Jusqu’ici, ces crabes à la carapace ronde et orangée (qui peut atteindre jusqu’à 15 centimètres chez les mâles adultes), représentaient une ressource fiable pour les communautés côtières.

« Les temps sont difficiles et sans précédent pour l’emblématique pêche de crabes d’Alaska », a déploré dans une publication Jamie Goen, de l’organisation professionnelle Alaska Bering Sea Crabbers. « Des deuxièmes et troisièmes générations de familles de pêcheurs de crabes vont être forcées de fermer boutique. »

Le Département de la pêche d’Alaska a déclaré dans un communiqué comprendre que « cette fermeture aura un impact substantiel sur les pêcheurs, l’industrie et les communautés qui en dépendent ». Mais il a souligné « le besoin de préservation de long terme » de l’espèce.

La population de crabes des neiges est en baisse depuis des décennies, malgré plusieurs rebonds, dont le dernier en 2018 qui avait suscité de l’espoir. Mais à partir de 2019, « les choses ont pris un tournant radical qui a surpris tout le monde », a raconté Erin Fedewa.

Pendant le recensement de 2021, « à des stations où on attrape normalement des milliers de crabes des neiges, il n’y en avait que quelques centaines. Pour moi c’était le signe que quelque chose n’allait vraiment pas », a-t-elle dit.

Autre indice: ces dernières années, les crabes ont été observés dans des zones situées plus au nord que d’habitude, vers des eaux plus froides.

Les jeunes crabes en particulier ont besoin de températures en dessous des 2°C, ce qui leur permet notamment d’échapper à leurs prédateurs (certains poissons, phoques…).

Dans leur zone d’évolution, en 2017, la température des eaux en profondeur était de 1,5°C. Mais en 2018, elle a bondi à 3,5°C, a expliqué Erin Fedewa.

Deux hypothèses sont émises pour expliquer les conséquences fatales de cette chaleur.
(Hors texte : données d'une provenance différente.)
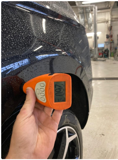
1.1 Pannser lakert og venstre baksjerm.
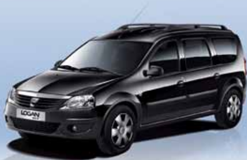
LOGAN MCV AB
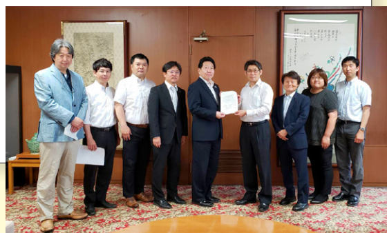
▲中野区長(中央)に党議員団と地区委員会が申し入れ
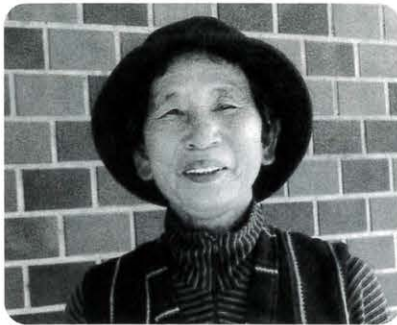
南 三子 （影）昭和7年生 盆、正月に、孫が戻ってくるのが楽しみです。
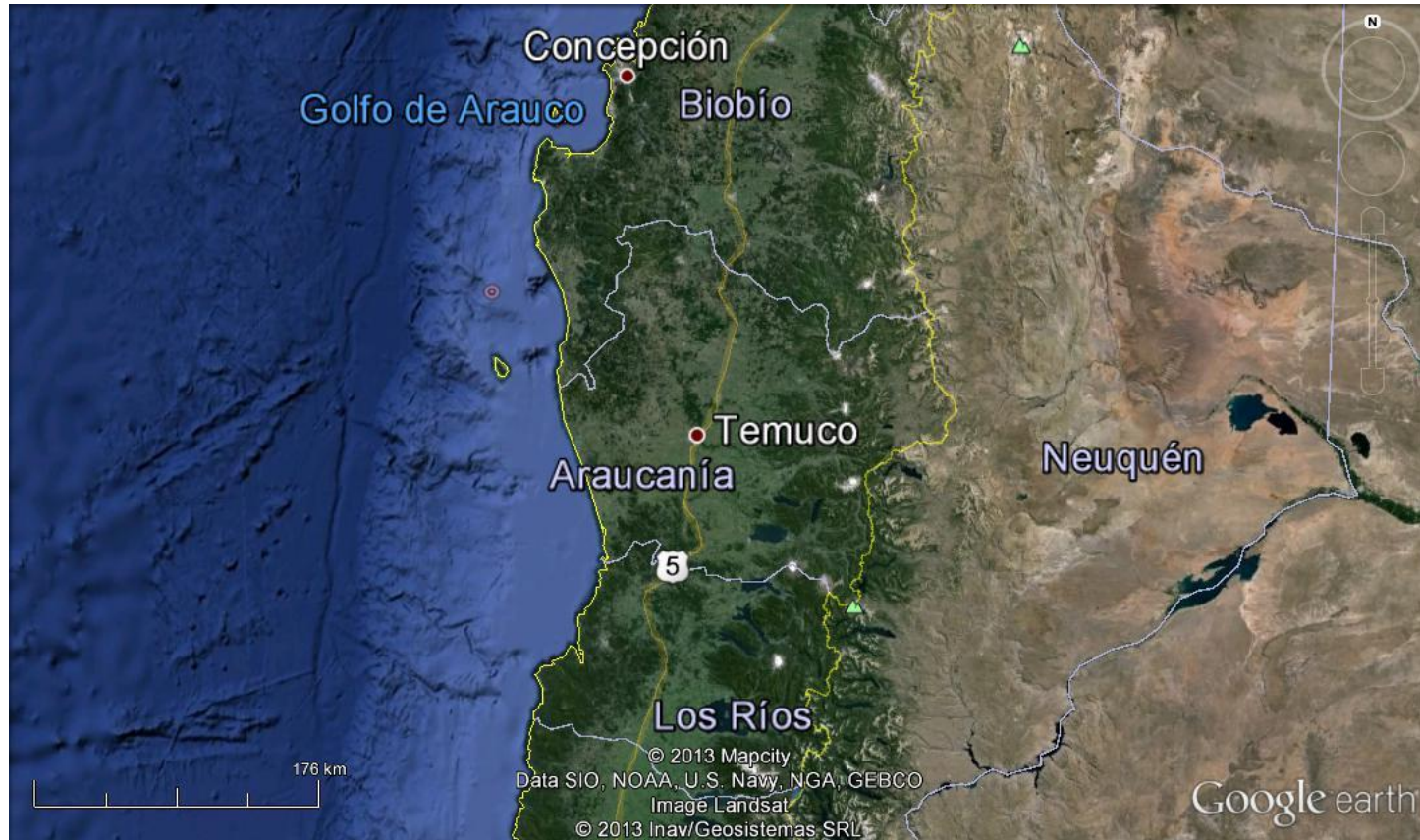
Figura 1. Mapa de Ubicación Regional (Fuente: Google Earth, 2013).
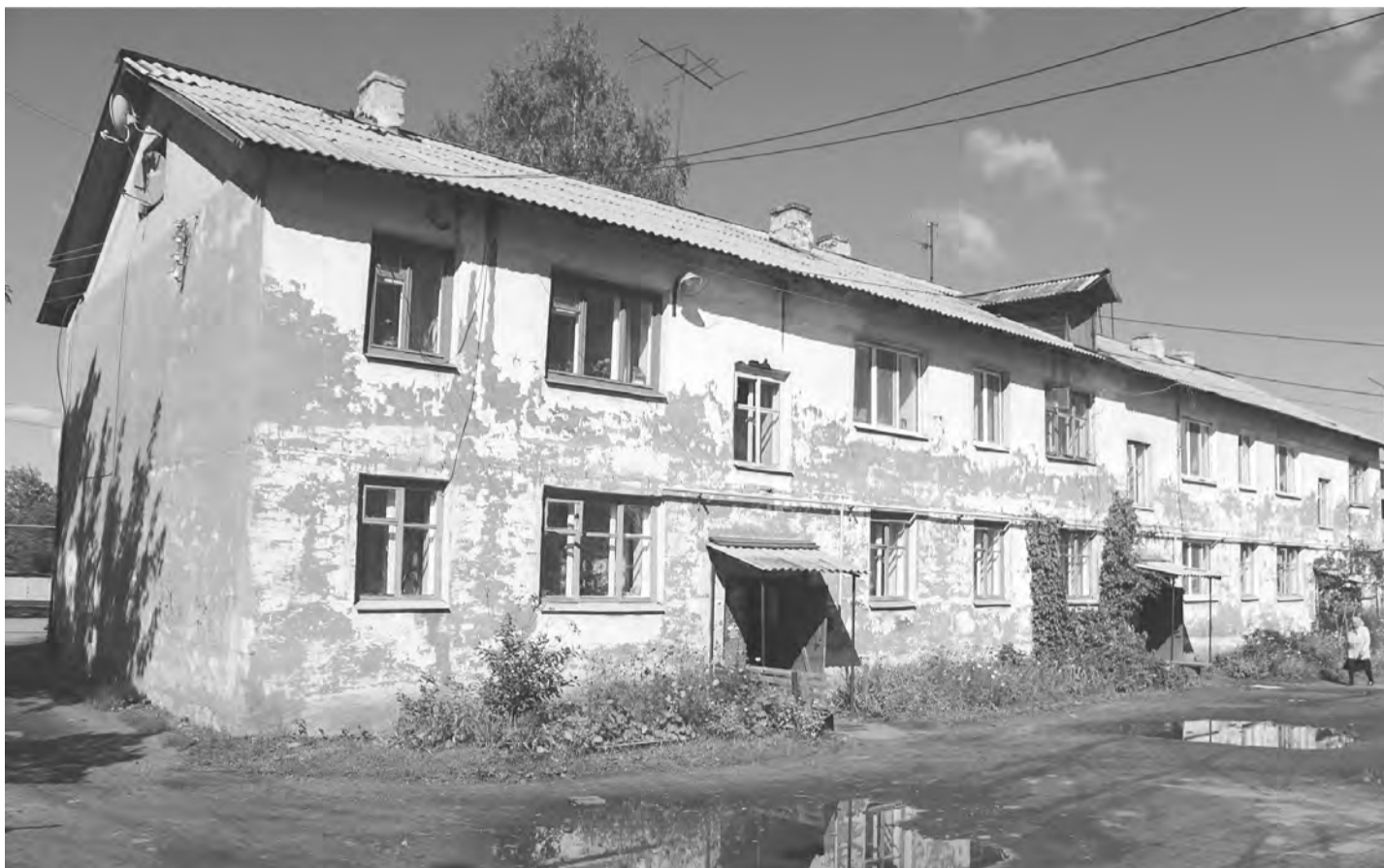
Ждёт ремонта ещё в этом, 2015 году, дом №23, по ул. Циховского

Оценку «идущего» капремонта многоквартирных домов дают «неудовлетворительно»
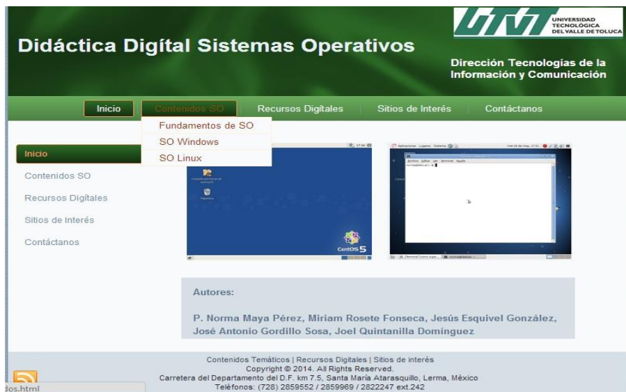
Figura 12.1 Interfaz de contenidos temáticos de DidDSO

La sección de Recursos digitales integra diversas didácticas como (ver figura 12.2): manual de asignatura que incluye todos los contenidos temáticos del curso, prácticas de laboratorio
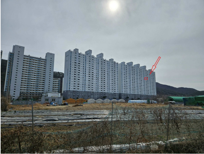
본건 (북측에서 촬영)
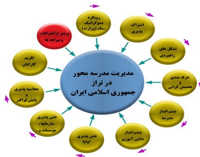
شکل ۲. مهندسی استقرار مضامین سازمان دهنده در شبکه مضامین

مدل پیشنهادی مدیریت مدرسه محور در تراز جمهوری اسلامی ایران چیست؟
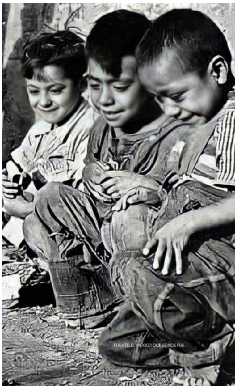
▲ "La franja de edad más vulnerable fue la de 1 a 4 años, con 77 defunciones. Dentro de este grupo, 59 niños murieron antes de cumplir los dos años, una etapa especialmente crítica".

LA FRANJA DE edad más vulnerable fue la de 1 a 4 años, con 77 defunciones. Dentro de este grupo, 59 niños murieron antes de cumplir los dos años, una etapa especialmente crítica para la supervivencia infantil. No se tiene certeza de cuántos de estos niños eran hermanos, pero es probable que muchas familias atravesaran duelos devastadores, sumidas en el dolor y la depresión tras perder a
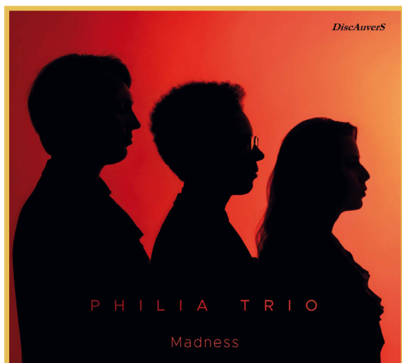
Le Philia Trio, dernier CD du label DiscAuvers

Pour 2022 le Festival signe le premier CD du Philia Trio, Trio original ( accordéon, violon, violoncelle) et au programme décoiffant avec notamment des créations contemporaines et des transcriptions. Depuis son lancement lors du concert de la Salle Cortot en Avril 2022, cet album reçoit un très bon accueil de la presse spécialisée. Il était déjà à l'origine labellisé "Choix de France Musique" mais a également depuis obtenu d'excellentes critiques dans Classica. Une réussite que le Festival compte poursuivre avec la présentation de l'album aux prochaines Victoires de la Musique classique.
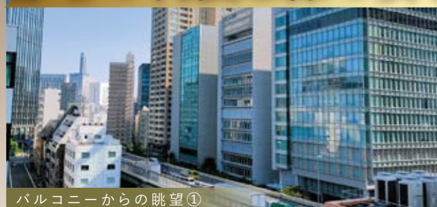
バルコニーからの眺望①
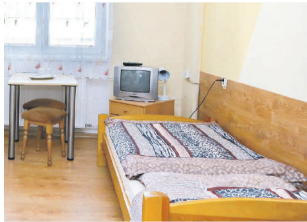
Prednádvom v ubytovni pribudli dve nové izby.
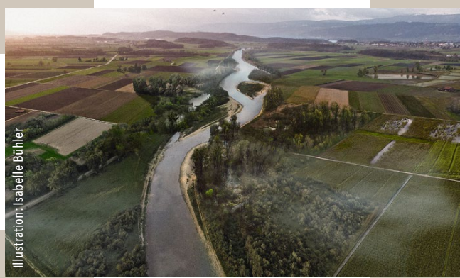
Illustration: Isabelle Bühler

La première est qu’une maladie touchant ces crabes ait pu être ainsi favorisée.

La deuxième est que ces températures ont pu forcer les crabes à dépenser davantage d’énergie, réclamant ainsi davantage de nourriture. Or « ils étaient tous entassés » dans les rares endroits d’eau plus froide, et n’auraient ainsi « pas pu trouver assez à manger », a dit Mme Fedewa.

Selon elle, la surpêche n’est pas la principale responsable, car le déclin est observé chez les crabes de toutes tailles, quand seuls les plus gros sont pêchés. « Cela suggère vraiment un facteur environnemental en jeu », a-t-elle jugé.

Malgré tout, l’experte veut rester optimiste. Les températures des eaux sont pour le moment revenues proches de la normale, et le dernier recensement a relevé de nouveaux jeunes crabes. Mais quatre à cinq années de croissance seront nécessaires avant que ceux-ci ne puissent être pêchés.